トヨタ・マツダ業務提携記者会見 具体的プランは発表されず
公開日:
経済・科学
13日、トヨタとマツダが業務提携に関する共同記者発表会を行ないましたが、具体的な製品や時期については語られませんでした。
具体的な提携内容は語られず
9日に日経新聞が「トヨタ・マツダ包括提携」を報じましたが、13日19時から、両社の社長が並んで緊急記者会見を行ないました。
トヨタの豊田章男社長とマツダの小飼雅道社長が交互に話し、お互いを持ち上げる掛け合いの進行には少々失笑w
そして、その後の約30分間の質疑でも、具体的な提携内容については語られず、どのようなアウトプットがされるのか、全く分かりませんでした。
質疑では、
「お互いの技術を活用しようというものなのか、それとも一緒に新しい技術を開発しようというものなのか?」
「最初の製品の時期は?」
「燃料電池は含まれるのか?」
などの質問がありましたが、
豊田社長は「もっといいクルマ」「どうしても欲しくなるクルマ」を作るためという表現を繰り返し、中長期的な協力関係を目指していることを示唆しました。
トヨタが欲しいスカイアクティブ
豊田社長に対し「提携の目的はガソリンやディーゼルエンジン開発の時間を短縮したいということなのか?」といった質問がされていましたが、トヨタの最大の目当ては、言うまでもなくクリーンディーゼルでしょう。

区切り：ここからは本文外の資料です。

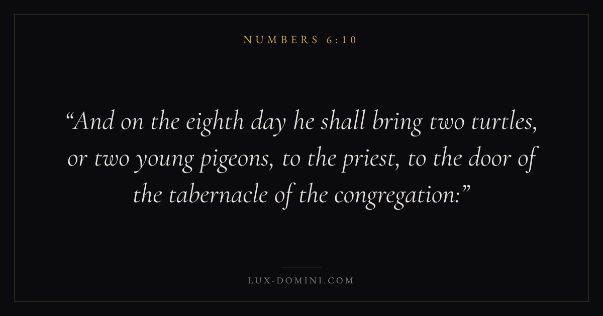 And on the eighth day he shall bring two turtles, or two young pigeons, to the priest, to the door of the tabernacle of the congregation:
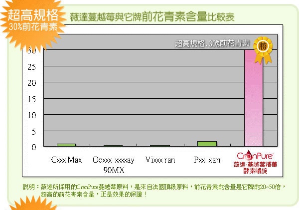 .與其它領導品牌之前花青素成份比較,挑戰全球最高規格!其含量高達30%,是它牌的20~50倍,具有較高的生物活性,能以較少的劑量就達到改變細菌叢生態之效果。
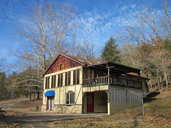 REDUCED BELOW APPRAISAL,12.5 acres. Charming Chalet Styling, finely crafted with custom woodwork throughout. Great Room features a wall of windows that overlook the yard and footbridge crossing private creek to garden/workshop area. Furnace/HVAC new in 2007. Several storage buildings including older home considered of little value with no disclosures. Located on county-maintained road, with Hwy 160 Frontage and adjoins Corps of Engineer Lands. Beaver Creek & Slough Hollow, both popular fishing areas, are just around the corner. Nearby Bull Shoals Lake & Lake Taneycomo afford some of the country's best fishing opportunities.
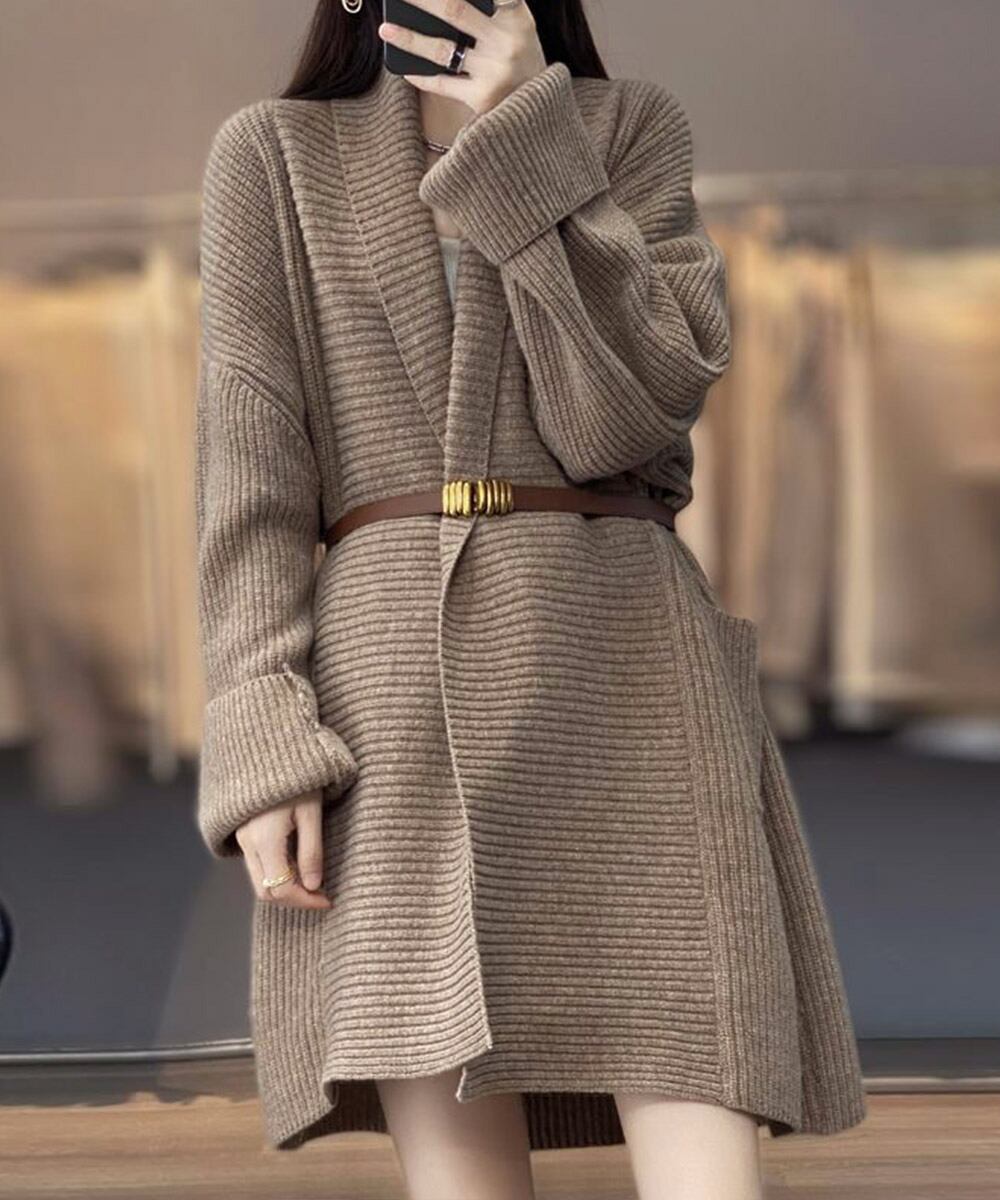 厚みのある柔らかニット生地で仕上げた、抜け感&こなれ感が溢れる韓国新作DESIGNののレディースカーディガン
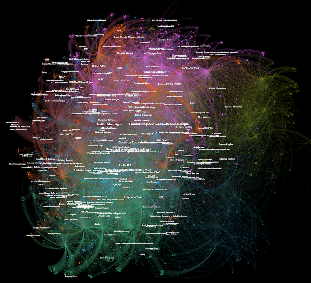 En cartographiant les suivis des différents ministres (ce sont les seuls liens affichés dans l’image) , montrant uniquement ici les lobbies ( ce qu’on appelle les labels, soit ce qui est écrit) e en attribuant la taille selon les acteurs les plus suivis Intéressant, on ne distingue pas vraiment de communautés particulières.

ハイブリッドが高いシェアを占める日本は、世界的に見れば異様なマーケットです。
ヨーロッパでは小型車を含めディーゼルが主流で、トヨタは現在BMWとディーゼルエンジン調達で協力関係にあります。
また、ハイブリットは日本と違い「エクストラパワー」としての位置付けが主流です。
アメリカや他の国々でも、一部のエコ意識の高い層以外、ハイブリッドがコスパがいいとは考えていないようです。
豊田社長はマツダのクルマ造りに惚れ込んでいる?
ただ、豊田社長は、2014年の東京モーターフェスの各社の社長が自ら運転して登場するイベントでも、レーシングスーツを着て86でスピンターンを繰り返すようなクルマ好きです。
広島のマツダを訪問した際も、本社の応接室ではなく、テストコースに案内して「お好きなクルマにどうぞ」というツボを押さえた歓待だったことが紹介されました。

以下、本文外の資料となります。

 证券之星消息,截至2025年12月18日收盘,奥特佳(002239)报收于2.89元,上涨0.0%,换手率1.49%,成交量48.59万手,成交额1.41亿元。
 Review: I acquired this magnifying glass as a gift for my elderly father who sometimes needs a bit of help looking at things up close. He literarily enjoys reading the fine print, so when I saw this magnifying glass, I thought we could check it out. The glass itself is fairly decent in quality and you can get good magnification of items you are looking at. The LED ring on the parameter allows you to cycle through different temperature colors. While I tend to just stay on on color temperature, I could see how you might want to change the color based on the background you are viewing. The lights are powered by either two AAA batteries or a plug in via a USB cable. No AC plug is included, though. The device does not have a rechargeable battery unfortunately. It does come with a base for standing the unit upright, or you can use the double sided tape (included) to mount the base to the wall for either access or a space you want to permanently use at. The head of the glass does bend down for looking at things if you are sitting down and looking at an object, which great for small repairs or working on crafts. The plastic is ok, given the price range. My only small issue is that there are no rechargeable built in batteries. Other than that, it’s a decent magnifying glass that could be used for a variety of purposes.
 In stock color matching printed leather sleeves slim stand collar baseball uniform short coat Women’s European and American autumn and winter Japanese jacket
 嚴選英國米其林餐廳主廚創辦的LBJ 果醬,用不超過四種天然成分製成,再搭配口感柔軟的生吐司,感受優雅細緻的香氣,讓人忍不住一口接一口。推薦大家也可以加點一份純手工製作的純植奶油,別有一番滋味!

豊田社長がマツダの「人馬一体」「Be a driver.自分たちが走らせて退屈だと思うクルマは、絶対につくらないと決めている」というクルマ造りのコンセプトを称賛しているのは、社交辞令ではなく本心のように思えます。
その思想を、とかく「80点主義」と言われる自社のエンジニアにも取り込みたいのだと思います。
なお、豊田社長は「カーオブザイヤー」について、「当社はあまり縁がない」と表現し、対してマツダは「私の在任中だけでも2度も取っている」と話し、うらやましがってましたw
ちなみに、前述の2014年の東京モーターフェスでは、各社の社長が当然ながら最新型で登場する中、マツダの小飼社長は25年前の初代ロードスターで登場して「このクルマで、我々は世界中のユーザーに育ててもらった」とコメントし話題になりました。
小飼社長は4:50頃、豊田社長は5:43頃
マツダが欲しいミライ技術
マツダは、2000年頃は水素を燃料とするロータリーエンジンを研究開発し、2013年には小型のロータリーエンジンを発電用として搭載したデミオEV試作車を発表しました。

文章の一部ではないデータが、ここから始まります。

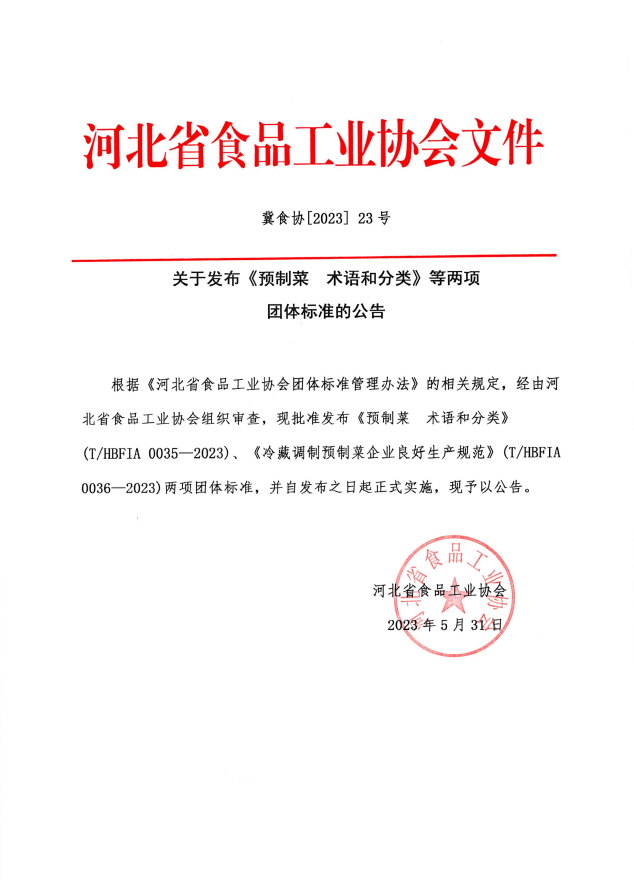 T/HBFIA 0036-2023冷藏調(diào)制預(yù)制菜企業(yè)良好生產(chǎn)規(guī)范
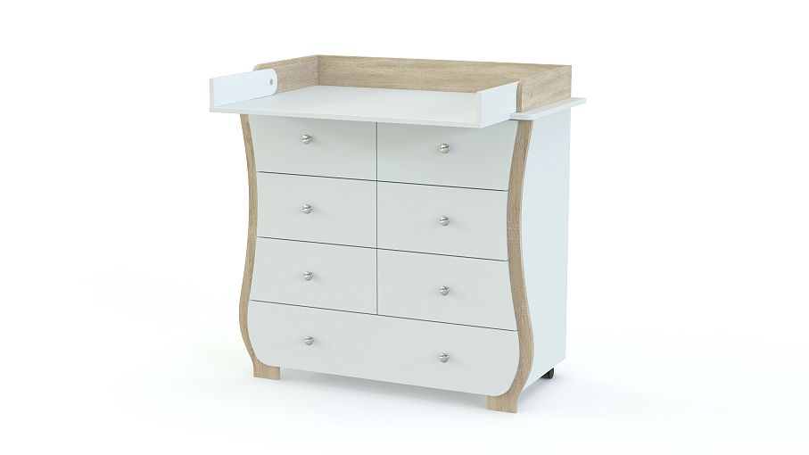 Пеленальный комод Альт 1 BMS с изящно вырезанным фасадом без острых углов украсит современную детскую и сделает уход за малышом комфортным. В одном большом и шести малых выдвижных ящиках, оснащенных ручками-кнопками, удобно хранить средства гигиены, постельное белье, одежду и игрушки. Благодаря откидному столику вы сможете увеличить пеленальную поверхность, а колесики обеспечат комоду легкость перемещения. Купить пеленальный комод Альт 1 BMS приглашаем в наш интернет-магазин, подобрав цветовое решение.
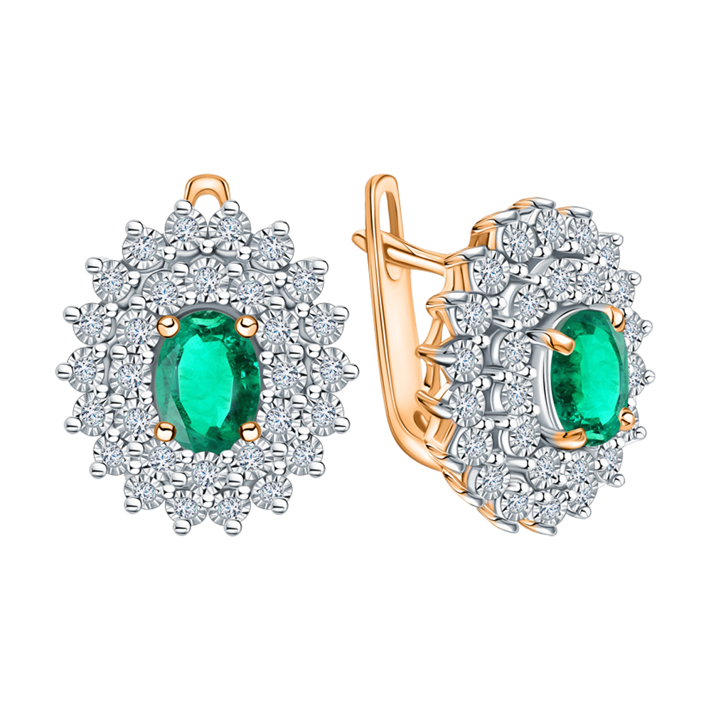 Золотые серьги с бриллиантами природными и изумрудами природными
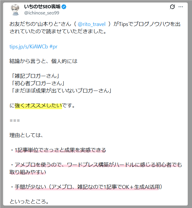 複数の特化ブログで月収500万円を余裕で稼ぎ続ける、IQ152アフィリエイター「いちのせ氏」にも推奨をいただきました…!!感謝です!!
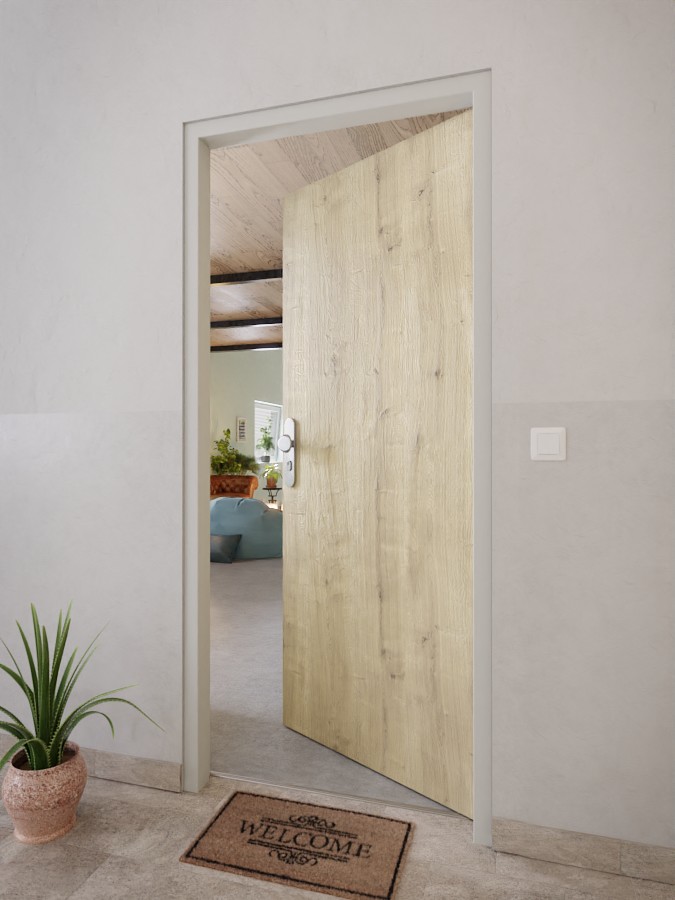 W rdzeniu skrzydła drzwi znajduje się wysokiej jakości płyta wiórowa, która zapewnia dużą stabilność. Te drzwi radzą sobie z wahaniami temperatury - dzięki klasie klimatycznej 2. W standardzie znajdują się 3-częściowe zawiasy, zamek cylindryczny oraz opadająca uszczelka podłogowa. Dodatkowo wykończenie krawędzi jest kwadratowe.
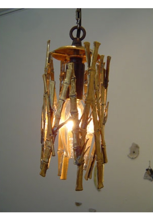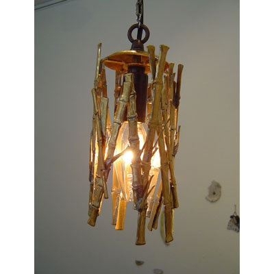 ペンダントランプ MOR05 素材: 真鍮表面: 塗装なしサイズ: 縦 150 : 横 120 : 奥行き 120 (単位はmm)参考価格 ¥18,000- <商品説明> シーリング(吊り下げ式)のランプシェードです。真鍮で造った竹の組み合わせから、光がもれます。見る位置で表情の変わるランプです
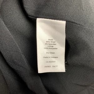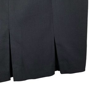 Talbots straight pencil skirt in women’s size 10. Black 95% wool 5% spandex. 100% polyester lining. Dry clean. Lined. Zipper at the back. The back hem is slightly longer and there is pleating at the hem. Fabric woven in Italy. There are scratches on the zipper pull and some faint writing on the tag. Please see pictures.
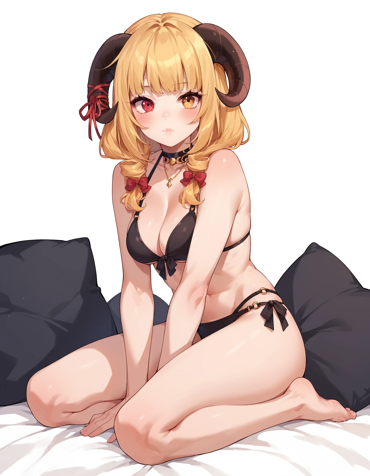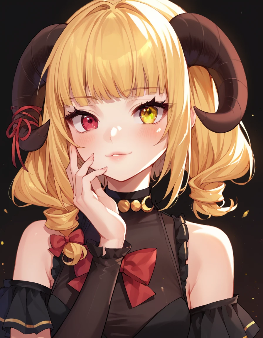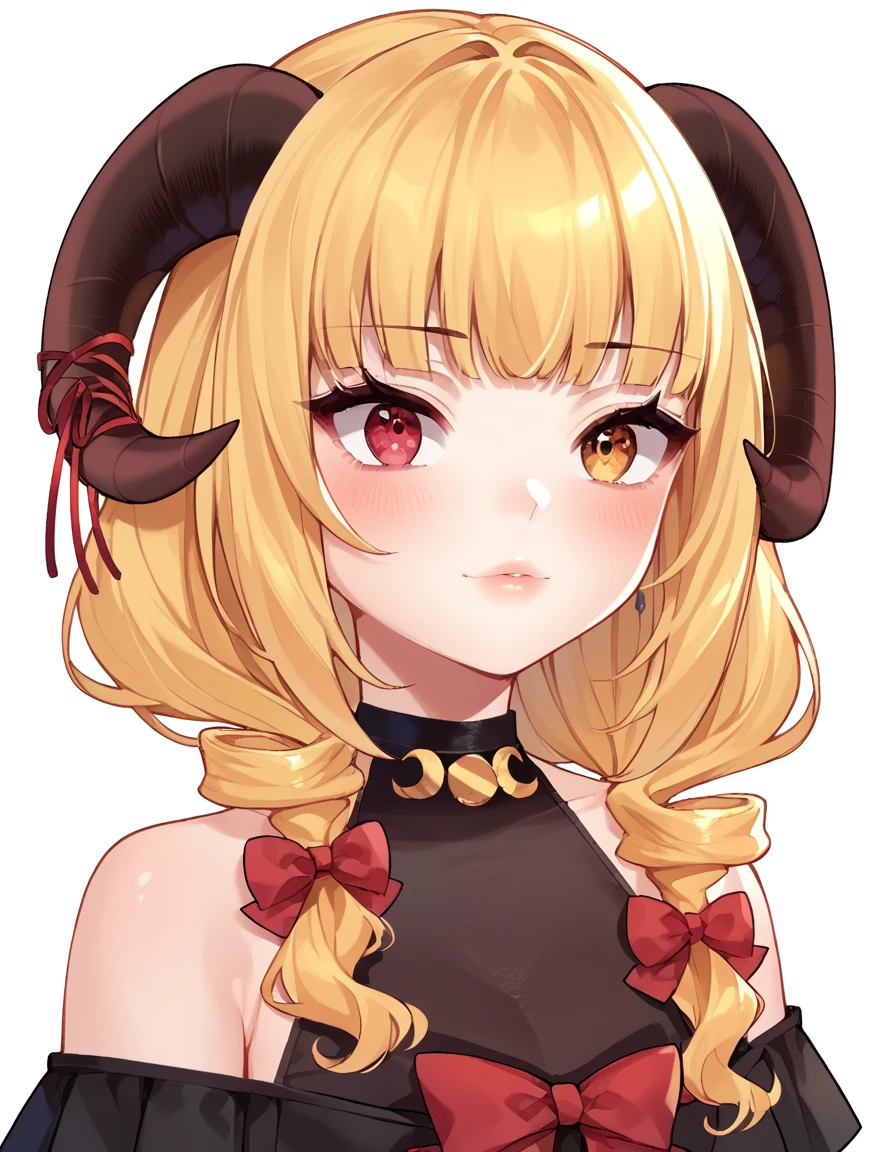 jinja,1girl ,solo ,blond hair , horns ,heterochromia,red eyes,yellow eyes

しかし、マツダ自らが認めているように、潤沢ではない経営資源を内燃機関や駆動系の効率化及びデザインに集中した結果、スカイアクティブ、特にクリーンディーゼルが評価され、セールスも順調です。
その分、ハイブリッドやバッテリー技術、そして燃料電池車の開発は遅れている、というより、されていないと言った方がいいでしょう。
トヨタは燃料電池の主要特許を公開していますから、それよりさらに踏み込んだ技術がマツダに提供されることが期待されます。
また小飼社長は「トヨタの厳しい判断基準をクリアするために最高の人材を投入しなければならない」とも語りましたので、メキシコ工場でトヨタ車の生産を請け負うことにより、トヨタの高度な生産管理や生産技術を習得したいと考えているのだと思います。
なお、MIRAIの納期は「2018年以降となる見通し」となっています。え?今年は何年だっけ?w
ですので、マツダに提供されたとしても、発売はもっとずっと先となるでしょう。
トヨタは『大きなサイフ』ではなく
豊田社長は、1990年にマツダの防府工場見学が技術交流の発端だったというエピソードを紹介していました。
ちなみに、豊田社長は「ボウフ」と言ってましたが「ホウフ」ですよw
また豊田社長は、「トヨタというとすぐに『お金』と見られるが、『もっといいクルマ』を作る会社に『ReBORN』したいと頑張っている」
「マツダさんからは『大きなサイフ』ではなく、『もっといいクルマをつくるためのパートナー』と思っていただけるようにしたい」と、現時点での資本提携の可能性を否定しました。